The roots of HVCC are in the Veteran's Vocational School in downtown Troy, set up in 1946 to provide high school level instruction to returning veterans of World War II. Hyman Rosenblum, an Albany businessman, helped persuade Rensselaer County officials that a community college would benefit residents and be worth the money; Rosenblum was on the college's Board of Trustees from 1953 to 1957, becoming the board's secretary from 1957 until his death in 1996; Rosenblum was also one of the founders of what would become the media company Capital Cities/ABC. In order to provide college-level instruction to veterans among others, the college was founded in 1953 as the Hudson Valley Technical Institute, providing five vocational training programs; it was initially housed in the former Earl and Wilson shirt collar factory building on the corner of Seventh Avenue and Broadway. Dwight Marvin, editor of the Troy Record, was one of several community leaders who pressed to create a broader mission for the college; Marvin served as the first chairman of the college's Board of Trustees.

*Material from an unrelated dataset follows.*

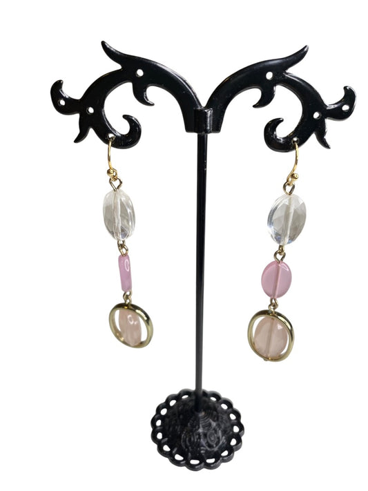 Goldtone Pink Clear Bead Pierced Fishhook Earrings 2.5" Drop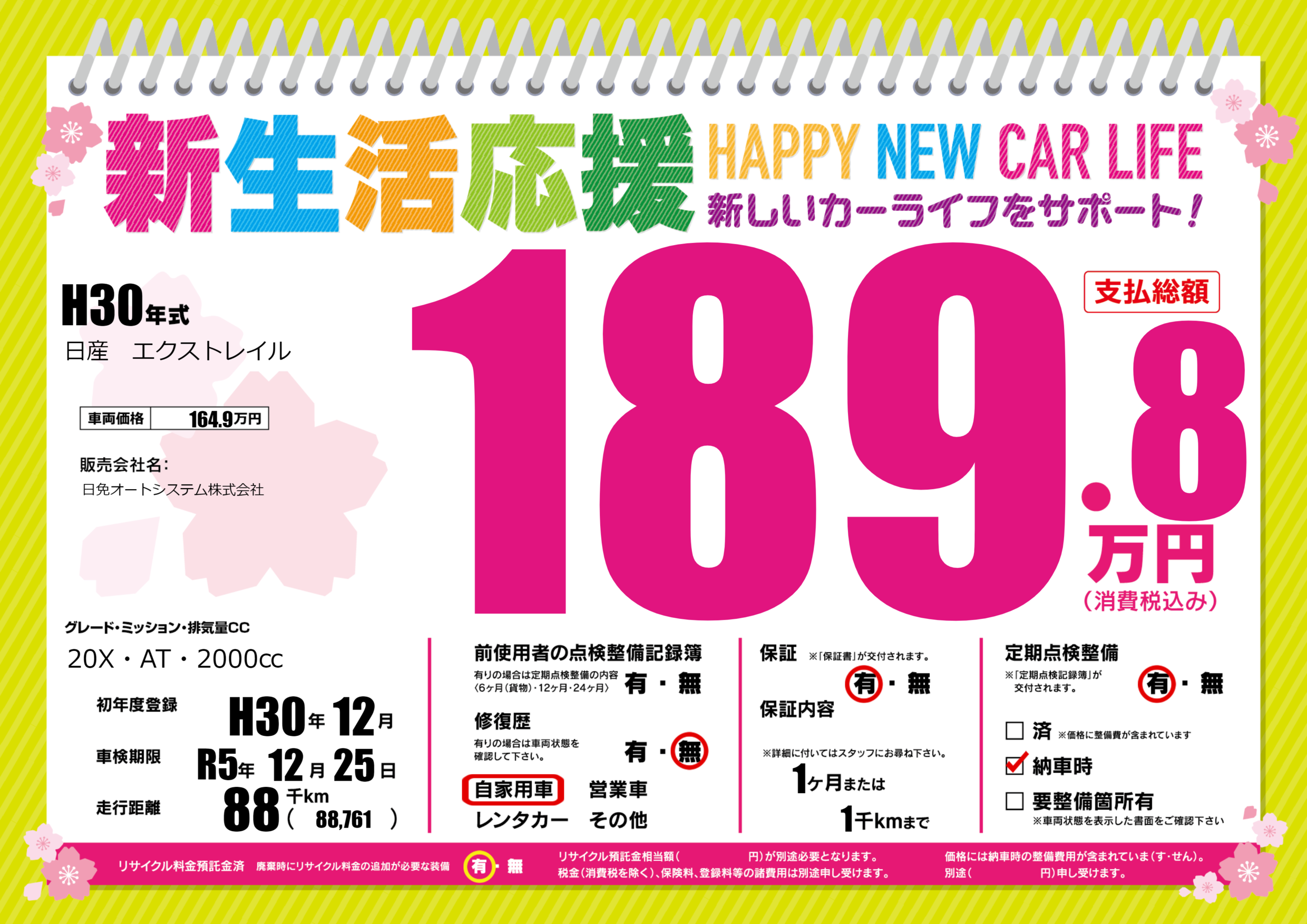 | 車名 | 日産 エクストレイル | グレード ミッション 排気量 |

By 1955, the board of trustees was already looking for a larger location to site a campus, with trustees surveying likely sites. The new campus was initially opposed by a group of Rensselaer County taxpayers, who argued that the county should not have to pay for half the cost of the campus construction if fewer than half the students were county residents. What would become a landmark case for community colleges in New York State eventually was heard by the state's Court of Appeals. On June 25, 1958, the court upheld the county's right to fund half of the cost of construction and paved the way for capital construction at community colleges around the state.

In 1959, at Rosenblum's suggestion, the college changed its name to Hudson Valley Community College.

The new campus, with five Indiana limestone buildings, was completed in 1961 and the former factory building was abandoned and eventually torn down.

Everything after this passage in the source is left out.